[Exercise description] Whenever a line in the data contains "hattı", show that line.

[Input for this task]
::::::::

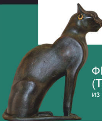
ФИГУРКИ ЖИВОТНЫХ (ТАЛИСМАНЫ)
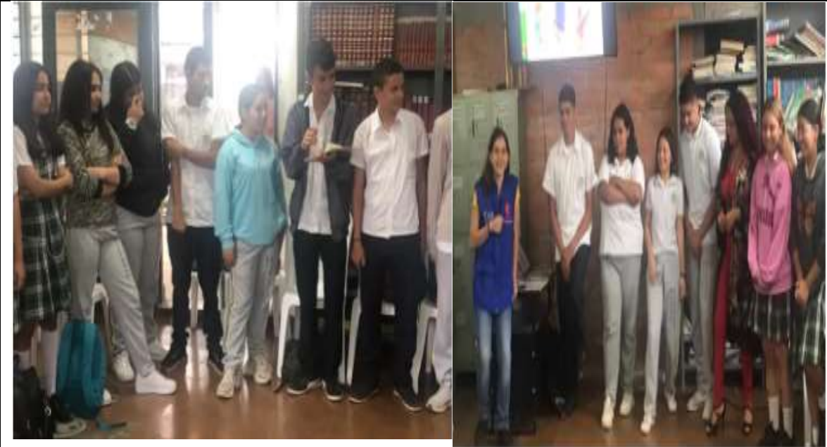
Actividad: Taller formadores de lectura. Proyecto PILEOZ Lugar: Sede central
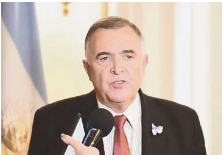
El actual gobernador de Tucumán dijo: “El es grande, sabe lo que hizo”.
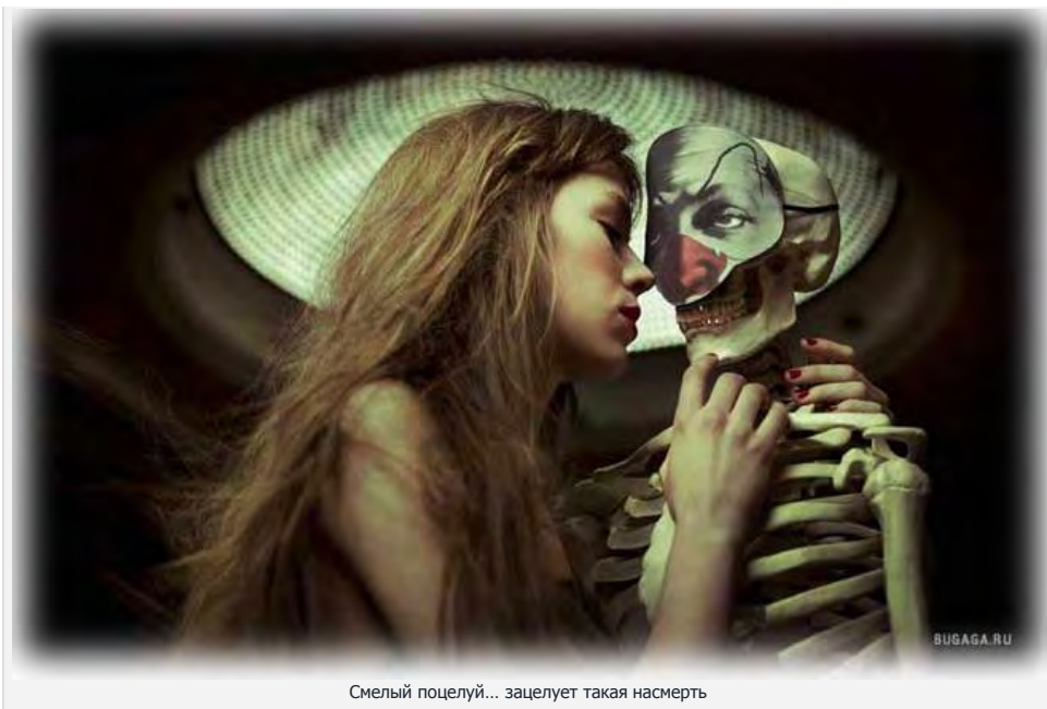
Смелый поцелуй... зацелует такая насмерть

Например рассмотрим ближайших конкурентов – холодильник бош и отзывы о нём. Во первых: магнитная пластина на двери настолько мощная, что открывая двери холодильника двигается и сам холодильник, если он расположен на скользком, кафельном полу.
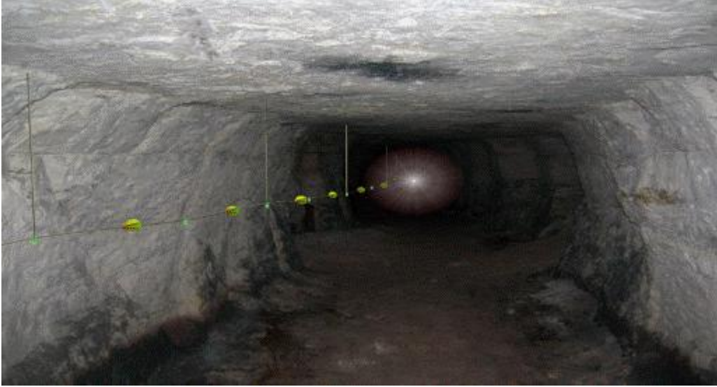
Şekil-1: Hayat hattı görünümü

18. (Ek:RG-10/3/2015-29291) (3) Yeraltı madenlerinde, hazırlık faaliyetlerinin yapıldığı alanlar ve üretim panoları gibi yeraltı maden işletmesinin bütün bölümlerini kapsayacak şekilde ve çalışanların yerüstüne çıkmalarını kolaylaştıran; yanmaya, kopmaya ve aşınmaya karşı dayanıklı bir hayat hattı kurulur (Şekil-1 ve Şekil-2). Bu hatlar acil durum planlarına uygun olarak yerleştirilir.
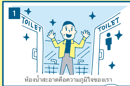
ห้องน้ำสะอาดคือความภูมิใจของเรา
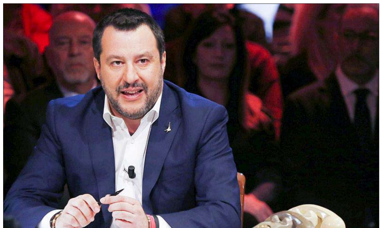
سالفيني ومازق داخل الرابطة

::::::::

[Response area]
Şekil-1: Hayat hattı görünümü
18. (Ek:RG-10/3/2015-29291) (3) Yeraltı madenlerinde, hazırlık faaliyetlerinin yapıldığı alanlar ve üretim panoları gibi yeraltı maden işletmesinin bütün bölümlerini kapsayacak şekilde ve çalışanların yerüstüne çıkmalarını kolaylaştıran; yanmaya, kopmaya ve aşınmaya karşı dayanıklı bir hayat hattı kurulur (Şekil-1 ve Şekil-2). Bu hatlar acil durum planlarına uygun olarak yerleştirilir.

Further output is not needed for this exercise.